:: Extracted entries ::

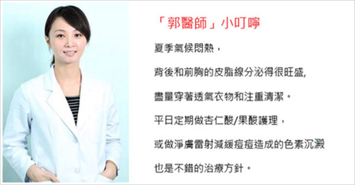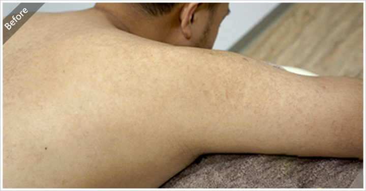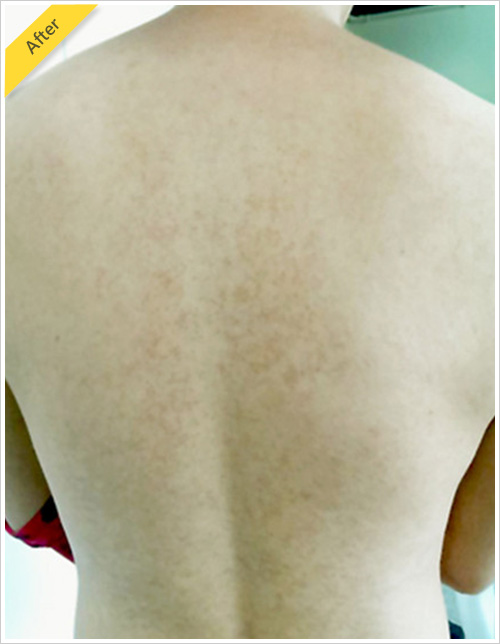 Raine在朋友的建議下, 到診所進行了一次徹頭徹尾的「果酸美背煥膚+淨膚雷射」
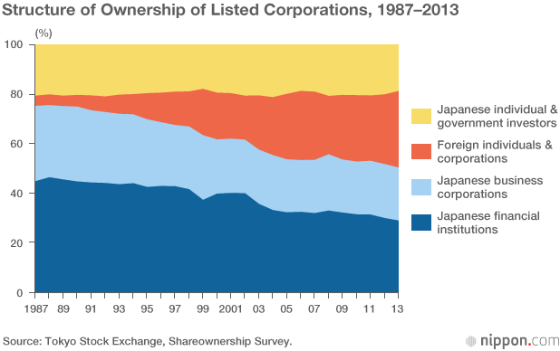 The first is a long-term shift in the ownership structure of listed companies, illustrated below. The share of stock owned by foreigners (corporations and individuals) rose from a mere 4% in 1987 to 30.8% in 2013, while the share controlled by Japanese financial institutions and business corporations fell substantially.
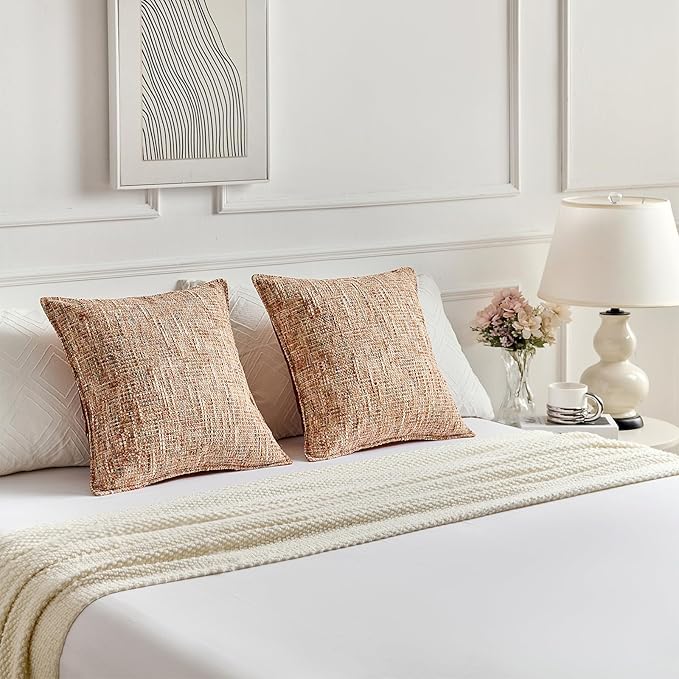 FUTEI Rust Decorative Throw Pillow Covers 20x20 Inch Set of 2,Soft Chenille Tweed Textured Cushion Case,Modern Home Decor for Couch Bed Living Room
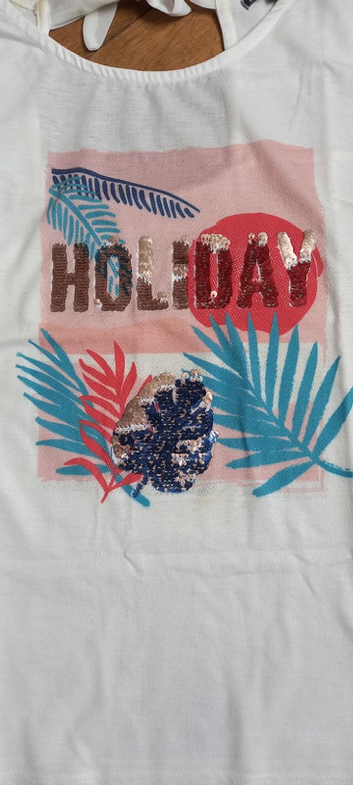 Tee shirt manches courtes Strass Motif holiday
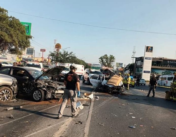 El fuerte choque múltiple se registró en la avenida Eugenio Garza Sada y Salto del Agua de Cd. Satélite, Monterrey Nuevo Leon
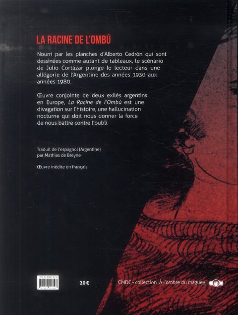La racine de l’Ombú est une œuvre atypique, par sa forme et son histoire. A la croisée entre la BD et le roman graphique, avec des planches originales du peintre argentin Alberto Cedrón que le scénario de Julio Cortázar met en lumière, l’œuvre brouille les frontières génériques et interroge le rapport entre destin personnel et histoire d’un pays marqué par les dictatures, l’exil et les différentes formes de résistance.
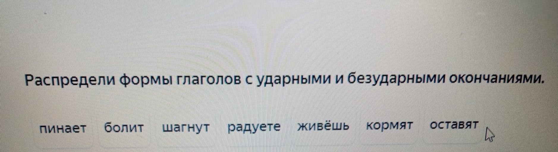 распредели формы глаголов с ударными и безударными окончаниями пинает болит шагнуть радуйте живёшь кормят оставят
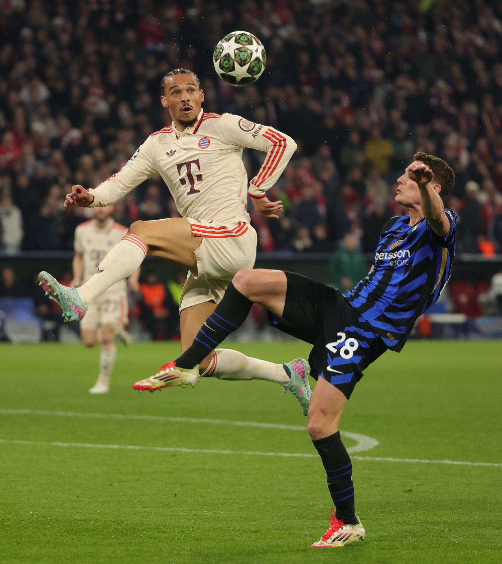 4月8日,拜仁慕尼黑队球员萨内(左)与国际米兰队球员帕瓦尔在比赛中拼抢。
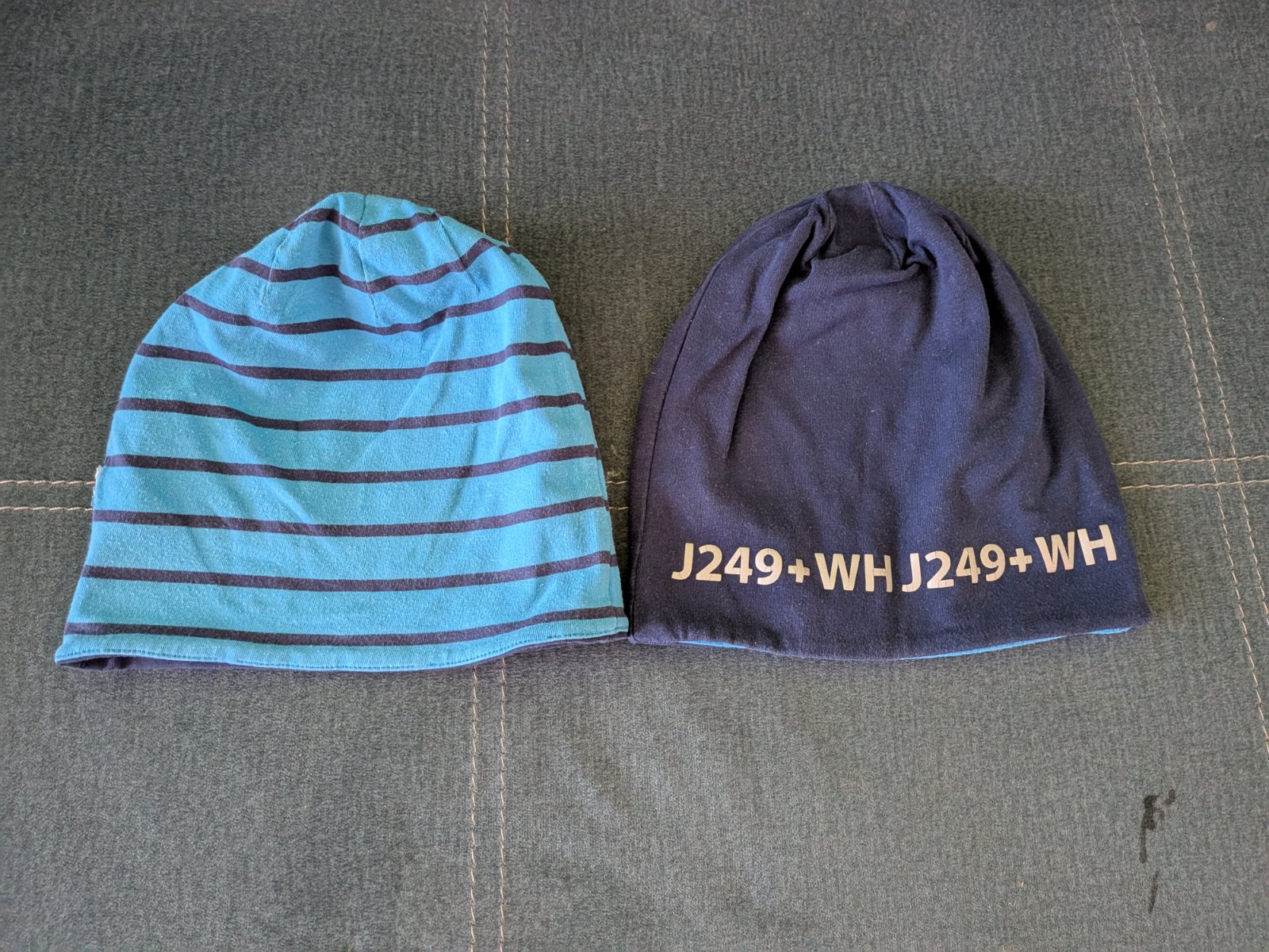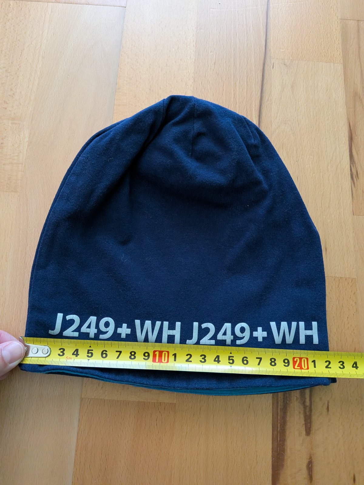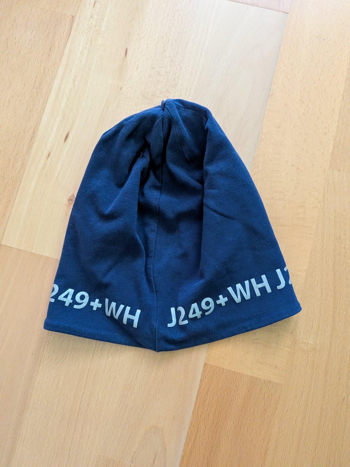 Detské čiapky z Tchiba s reflexným nápisom. Veľkosť 54 cm. Lístok je odstrihnutý - nosili ju aj naruby.
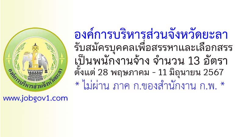 องค์การบริหารส่วนจังหวัดยะลา รับสมัครบุคคลเพื่อสรรหาและเลือกสรรเป็นพนักงานจ้าง 13 อัตรา ตั้งแต่ 28 พฤษภาคม – 11 มิถุนายน 2567
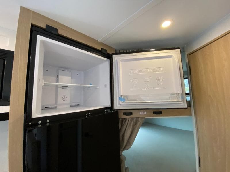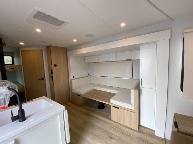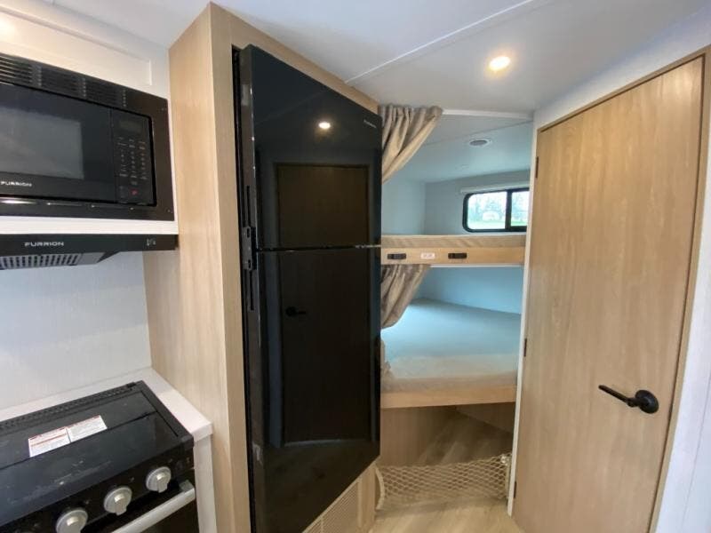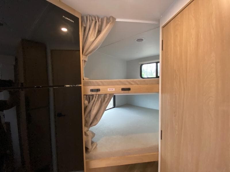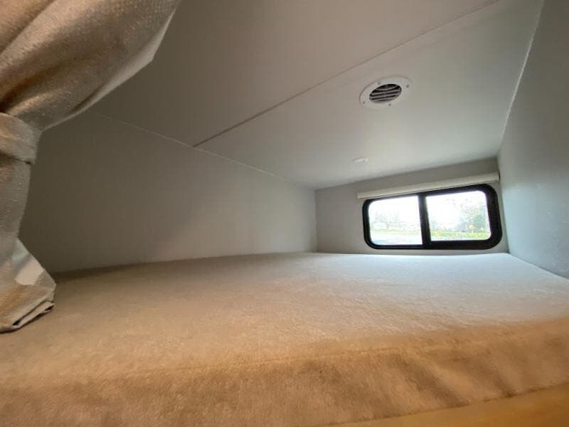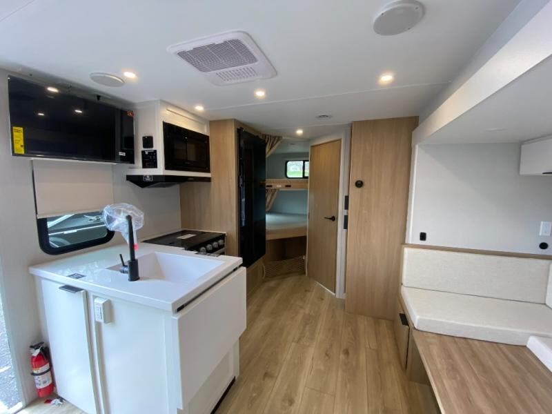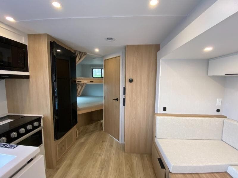 If you enjoy camping with a larger group, this travel trailer with double-size bunks is sure to be a fit! There is also a U-shaped dinette within a slide for more sleeping space, and you'll find the front Olympic Queen Murphy bed to be very versatile. A recessed three burner cooktop with an oven will let you make meals each day, and the 10.6 cu. ft. 12V refrigerator will keep your cold items fresh. There is also a countertop extension, giving you more space to prep meals. The full bath includes a power vent fan and a shower skylight that will give you additional lighting and extra head room as you get ready each day!

:::

§ Task goal
Of all the material above, only the lines from the one that has "La racine de" down to the one that has "11 มิถุนายน 2567" are to be written out, exactly and with both ends included. Pictures are skipped.

§ Completed exercise
La racine de l’Ombú est une œuvre atypique, par sa forme et son histoire. A la croisée entre la BD et le roman graphique, avec des planches originales du peintre argentin Alberto Cedrón que le scénario de Julio Cortázar met en lumière, l’œuvre brouille les frontières génériques et interroge le rapport entre destin personnel et histoire d’un pays marqué par les dictatures, l’exil et les différentes formes de résistance.
 распредели формы глаголов с ударными и безударными окончаниями пинает болит шагнуть радуйте живёшь кормят оставят
 4月8日,拜仁慕尼黑队球员萨内(左)与国际米兰队球员帕瓦尔在比赛中拼抢。
 Detské čiapky z Tchiba s reflexným nápisom. Veľkosť 54 cm. Lístok je odstrihnutý - nosili ju aj naruby.
 องค์การบริหารส่วนจังหวัดยะลา รับสมัครบุคคลเพื่อสรรหาและเลือกสรรเป็นพนักงานจ้าง 13 อัตรา ตั้งแต่ 28 พฤษภาคม – 11 มิถุนายน 2567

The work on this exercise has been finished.